As he sees it, a corporation’s primary aim is to ensure its business outperforms its competition. In a finite world, Michael figures, these corporations will prey on each other until there are only two or three of them left and the anti-monopoly laws kick in. Then they have no alternative but to prey upon the more vulnerable in society. A Mayan community he visited in Guatemala wanted to simply be left alone to live their pastoral-subsistence way of life. But a coffee company wanted the hills around the community and wanted the residents to turn a profit for the company by working their plantations. The laws of Guatemala don’t offer protection to small farmers. And so the community was doomed. It didn’t take Michael long to realize that capitalism run amuck doesn’t differentiate between his family and a subsistence family in Guatemala. As this realization took hold of him, he found he could deny it for awhile. Then he started to get scared – paranoid even – seeing a corporate representative under every rock. Now he’s convinced of his need to have a positive influence on the situation. He wants to do whatever he can in his quiet, modest but determined way to improve the world around their farm, so that their kids don’t have to be so vulnerable..

Michael says he’s worried about how the corporate dog-eat-dog ethic has infected rural communities. He sees how farmers covet their neighbour’s land and are willing to pay a high price for it even if that means young people can’t afford to get into farming. The only people he sees buying land is rich foreigners, Hutterites and farmers who believe they need more in order to keep up with the shrinking margins. He’s not against capitalism per se or private ownership. He just thinks businesses and individuals should reign in their greed in a self-disciplined, gentlemanly (and ladylike, he adds) way – giving space for others to flourish as well. If individuals and corporations prove themselves unable or unwilling to use self-discipline, then Michael shrugs, we have to put laws in place to protect people, families and communities. For him, the logic is simple. It’s getting people to do the work of creating a caring and thriving society that he finds daunting. He’s lost hope that either the provincial or federal governments really give two hoots about rural communities. He figures most of the work has to be done on the local level. That’s why he’s going to Horizon. Those folks are doing something and they need people like himself to stand with them – to be guardians of an essential way of life.

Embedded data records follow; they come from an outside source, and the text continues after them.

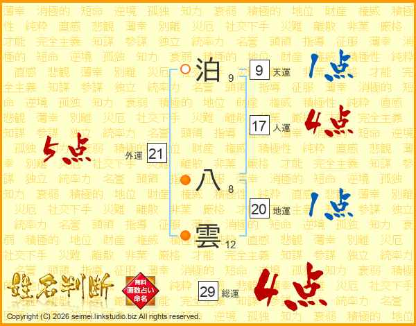 泊八雲さんの総運は29画の4点!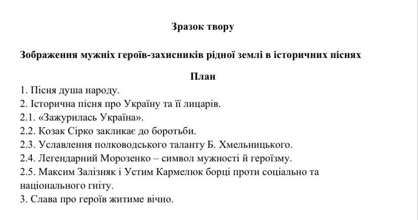 Написати твір на тему «Зображення мужніх героїв-захисників рідної землі в історичних піснях» за планом який закріплений в виді фото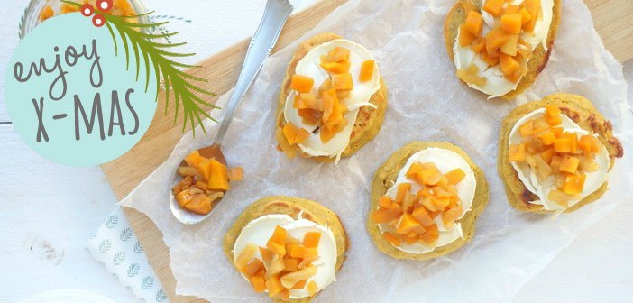 Het is maar 1 keer Kerst per jaar, en als je het dan toch viert, dan kun je dat maar beter goed doen! Lekker uitpakken met het kerstmenu hoort daar helemaal bij, en daarom begin ik mijn kerstmaaltijd met een kleine amuse. Een amuse is een klein hapje dat je voor de gerechten serveert zodat de smaakpapillen alvast een beetje wakker kunnen worden. Nou, dat lukt wel met deze blini met pompoen en geitenkaas! Je kunt er natuurlijk voor kiezen om voor elke gast 1 mini pannenkoekje klaar te maken, en deze blini aan tafel te serveren. Maar kunt ze ook al bij de borrel op tafel zetten... in dat geval zou ik er wel iets meer maken, want ze happen heerlijk weg!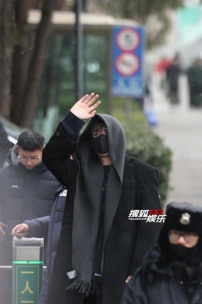 刘宇宁2026央视春晚首次联排 刘宇宁黑大衣连帽飘雪氛围感 刘宇宁2026央视春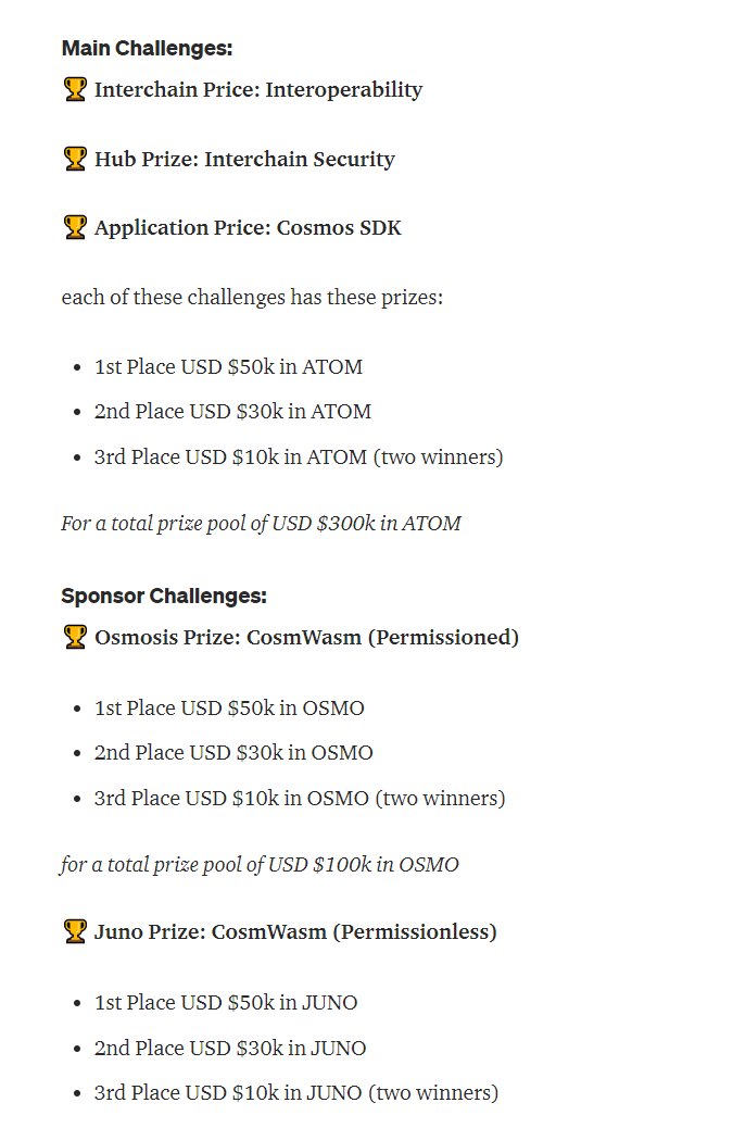 The prize amount was selected simply based on the amount that Osmosis and Juno are offering ($100K each).

As he got up to rinse out his mug, Michael pointed to a graph he had cut out and put up on their bulletin board. The one steeply rising line on the graph shows how farmers in Canada produced three times as much as they did twenty years ago and the flat line below it shows farmers haven’t profited from this increased production. “That shows it all,” he said. “Where has all the profit gone? Not into the pockets of the folks putting up that barricade in Saskatchewan.” Michael says farmers have done everything they’ve been asked to do. They’ve specialized, bought bigger machinery, used genetically modified seeds, sent their spouses to work off-farm, diversified, computerized, and learned the language of big business. And still the profit they need in order to take care of their families and their way of life eludes them. It’s not that farmers are chronically bad managers as the specialists would have us believe, Michael says, but because we as citizens haven’t got the guts to pull back on the reins. In a democracy, he says, “we have the reins.”

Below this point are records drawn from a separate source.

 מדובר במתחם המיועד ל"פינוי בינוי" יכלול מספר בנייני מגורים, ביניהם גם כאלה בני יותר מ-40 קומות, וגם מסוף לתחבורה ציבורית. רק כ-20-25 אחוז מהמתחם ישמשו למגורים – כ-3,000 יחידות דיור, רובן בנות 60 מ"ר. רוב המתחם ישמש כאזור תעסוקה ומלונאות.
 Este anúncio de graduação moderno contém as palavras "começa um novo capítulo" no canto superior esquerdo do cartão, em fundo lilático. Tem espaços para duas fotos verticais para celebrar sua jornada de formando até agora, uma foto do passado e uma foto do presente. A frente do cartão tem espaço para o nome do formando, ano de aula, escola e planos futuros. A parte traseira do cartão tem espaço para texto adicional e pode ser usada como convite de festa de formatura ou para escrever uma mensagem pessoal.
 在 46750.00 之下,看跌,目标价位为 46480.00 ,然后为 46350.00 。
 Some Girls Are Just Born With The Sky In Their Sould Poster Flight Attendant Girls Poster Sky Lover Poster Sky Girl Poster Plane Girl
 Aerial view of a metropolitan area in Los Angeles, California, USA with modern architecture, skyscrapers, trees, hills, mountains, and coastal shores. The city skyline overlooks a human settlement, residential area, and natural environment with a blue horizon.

So he speaks up when he must and stands in solidarity when he can. He’s not alone. There’s a society of men and women out there I’ve been told, all over the world – some on logging road barricades, some in displacement camps and others dismantling an unwanted fast food store – standing up to protect their way of life.

Talking with Michael opened my eyes to see the strong, beautiful and inspiring men and women of the soil all around me. Thank you.